3. Autologous peripheral blood stem cell support refers to collection of stem cells from the blood by repeated blood phereses. Harvesting may be carried out during the cellular rebound phase that follows induction chemotherapy, or in conjunction with the administration of growth stimulating factors.
This technique is considered eligible for coverage for patients who are being treated for the cancers listed under 1 above (autologous bone marrow stem cell support), but who: a) cannot undergo autologous bone marrow stem cell support because of diseased or hypocellular marrow[]; or b) cannot undergo allogeneic bone marrow stem cell support because an HLA-compatible donor is not available; or c) have contraindication(s) to general anesthesia.
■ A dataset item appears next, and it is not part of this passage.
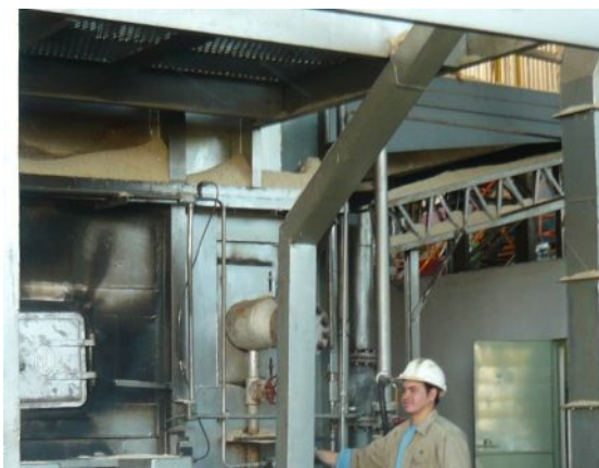
Obrero trabajando en la sección de calderas sin los equipos de protección visual ni tapabocas.

In addition, to be eligible for high-dose chemotherapy with hematopoietic stem cell support, the patient must satisfy both of the following:
1. The patient’s disease characteristics and treatment history suggest that the probability of achieving a durable complete remission are greater with high-dose chemotherapy compared to standard-dose chemotherapy.
and
2. The patient does not have a concurrent condition which would seriously jeopardize the achievement of a durable complete remission with high-dose chemotherapy with hematopoietic stem cell support.
(Italics added.)
[7] We note that this document cites numerous references, including the same three noted by Dr. Vesole in his January 1997 letter to Blue Cross.
[8] In framing the issue in these terms, we do not mean to preclude the possibility that evidence of alleged bad faith may include post-denial conduct. Here, the Yatsos maintain that Blue Cross waited seven months after the policy change before informing them that it would cover the transplant. Depending on the facts and circumstances, such conduct may be relevant.
[9] Resolving the case on this basis obviates the need to address the parties’ dispute over the manner in which the circuit court considered certain affidavits. See Gross v. Hoffman, 227 Wis. 296, 300, 277 N.W. 663 (1938) (only dispositive issue need be addressed).